Antes de irnos de Estepona y como gesto de agradecimiento, decidí regalarle unas cervezas artesanales. Me puse mi mascarilla, subí al 5º y se las entregué. Le dije que no saliera demasiado y él me comentó con cierto recelo que no tenía ninguna intención. Aquella fue la última vez que lo ví.
Hace una semana telefonearon a Sebastián para preguntar por una importante carta que debían de recibir en el buzón del piso de Estepona, pero éste no respondía a sus llamadas. A los pocos días Josemari e Isabel estaban allí y poco después de dejar las maletas y encender las luces, ella decidió ir a saludarlo para ver cómo estaba. Sus peores sospechas aumentaron cuando al llamar a la puerta nadie respondió. En un valiente impulso por salir de dudas pulsó el timbre de la vecina de Sebastián y fue entonces cuando se enteró de todo.
Aquella mujer le contó que Sebastián estuvo enfermo de coronavirus.

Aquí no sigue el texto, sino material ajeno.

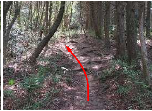
緩やかに上って行く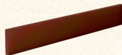
编号 MF42 尺寸 高100

Por lo visto, al no encontrarse nada bien y ser un paciente de riesgo dada su edad avanzada y sus patologías relacionadas con el corazón, fue visitado por una ambulancia. Los médicos confirmaron que se trataba de covid-19 no obstante, le comunicaron que lo mejor en su caso era quedarse en casa tranquilo y acompañado de algún familiar en vez de ser trasladado al hospital. Su primo, que en aquel momento estaba a su lado, sería quien tendría que cuidarlo durante la enfermedad. Durante esos días Sebastián no podía hacer nada. Sus necesidades se las hacía en la cama donde comía y pasaba las horas en unas condiciones espantosas mientras que su acompañante, dadas sus limitaciones, se dedicaba a recoger la comida que día y noche le dejaba en la puerta aquella bondadosa vecina. Tras cuatro o cinco días, la situación se volvió tan insostenible que decidieron trasladarlo al hospital, donde poco después falleció.
Estas líneas podrían entenderse como un relato sobre la realidad de los tiempos que estamos viviendo, una crítica a la gestión de una pandemia que nos pone a prueba como sociedad, podría ser una llamada a la precaución, a la tan gastada “responsabilidad individual”, pero me temo que no es así. Es la historia de un hombre que representa una forma de ser que de golpe y porrazo estamos perdiendo. En una época en la que necesitamos más gestos verdaderos y menos publicaciones en redes sociales se nos va la generación de la generosidad, de la cercanía y de las relaciones humanas. Es lo menos que podía hacer por aquel melón fresquito.